**AIM OF THE TASK**.
From the first line down to the one containing "女留學生第一個被救出,立即送", reproduce the entries below exactly and leave out the pictures.

++++ DATASET EXTRACT

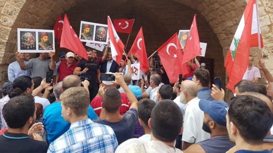 Türk bayraklarının yanı sıra Osmanlı padişahı 2. Abdülhamid Han ve Osmanlı armasının fotoğraflarının yanı sıra Lübnan bayrakları taşıyan göstericiler, Osmanlı Devleti ve Türkiye'ye destek sloganları attı.
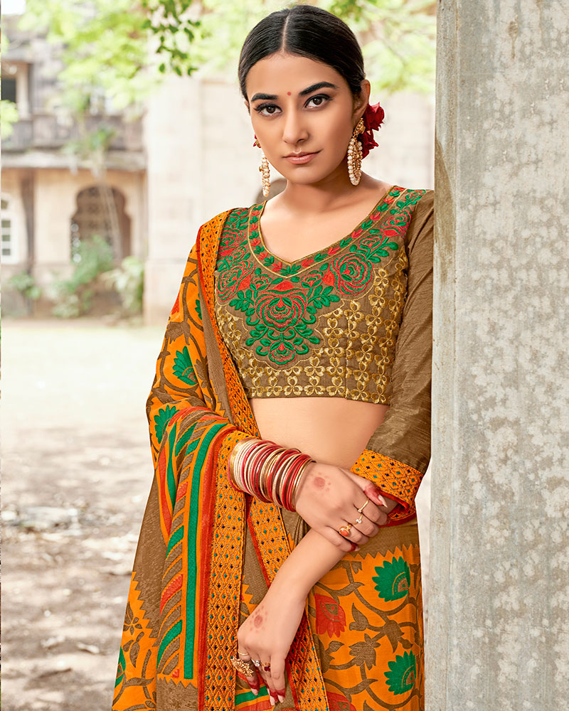 ThisBrilliant Array Will Make You The Ultimate Classic Beauty At The Next Event You Attend. Create A Smoldering Impact By This Topnotch Multicolor Brasso Saree With Designer Raw Silk Blouse. Comes With Matching Blouse. (Slight variety in shading, texture and work is conceivable. Model images are only representative.)
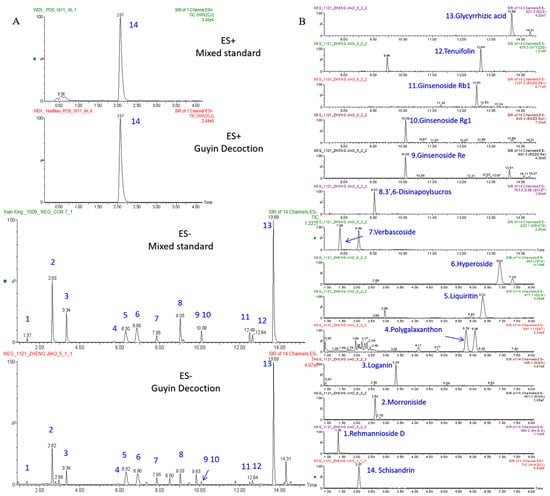 Representative chromatogram. (A) Total Ions Chromatograph (TIC) of the mixed standards compared with the GYJ samples. (B) Chromatograms of individual extracts of each compound in GYJ samples.
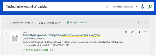 - Tikslios frazės ir atskirų žodžių paieškos gali būti kombinuojamos. Pavyzdžiui: „inžinerinė ekonomika“ vadyba atliks kombinuotą paiešką:
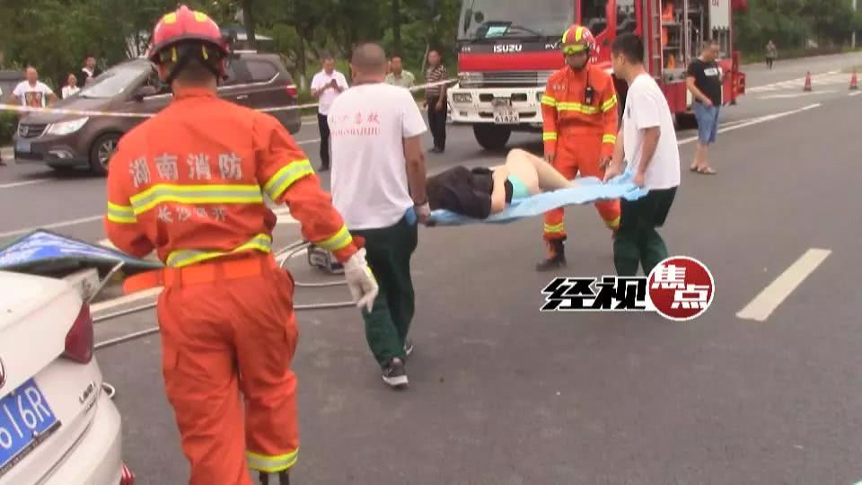 女留學生第一個被救出,立即送往120救護車。而滴滴司機求生意識強烈,在消防破門剎那,他用手推開車門。
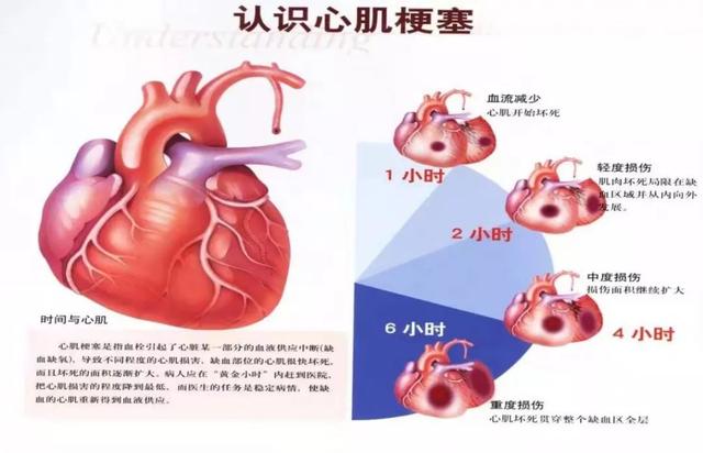 由于心肌细胞和神经细胞一样,属于不可再生细胞,心肌梗死发作时,被堵塞动脉远端的心肌细胞会失去血液和氧气的供应。超过20分钟,心肌便会出现缺血缺氧性坏死。而且被延误的时间越长,坏死面积越大,死亡率也就越高,预后也就越差。

++++++++

**OUTPUT**.
 Türk bayraklarının yanı sıra Osmanlı padişahı 2. Abdülhamid Han ve Osmanlı armasının fotoğraflarının yanı sıra Lübnan bayrakları taşıyan göstericiler, Osmanlı Devleti ve Türkiye'ye destek sloganları attı.
 ThisBrilliant Array Will Make You The Ultimate Classic Beauty At The Next Event You Attend. Create A Smoldering Impact By This Topnotch Multicolor Brasso Saree With Designer Raw Silk Blouse. Comes With Matching Blouse. (Slight variety in shading, texture and work is conceivable. Model images are only representative.)
 Representative chromatogram. (A) Total Ions Chromatograph (TIC) of the mixed standards compared with the GYJ samples. (B) Chromatograms of individual extracts of each compound in GYJ samples.
 - Tikslios frazės ir atskirų žodžių paieškos gali būti kombinuojamos. Pavyzdžiui: „inžinerinė ekonomika“ vadyba atliks kombinuotą paiešką:
 女留學生第一個被救出,立即送往120救護車。而滴滴司機求生意識強烈,在消防破門剎那,他用手推開車門。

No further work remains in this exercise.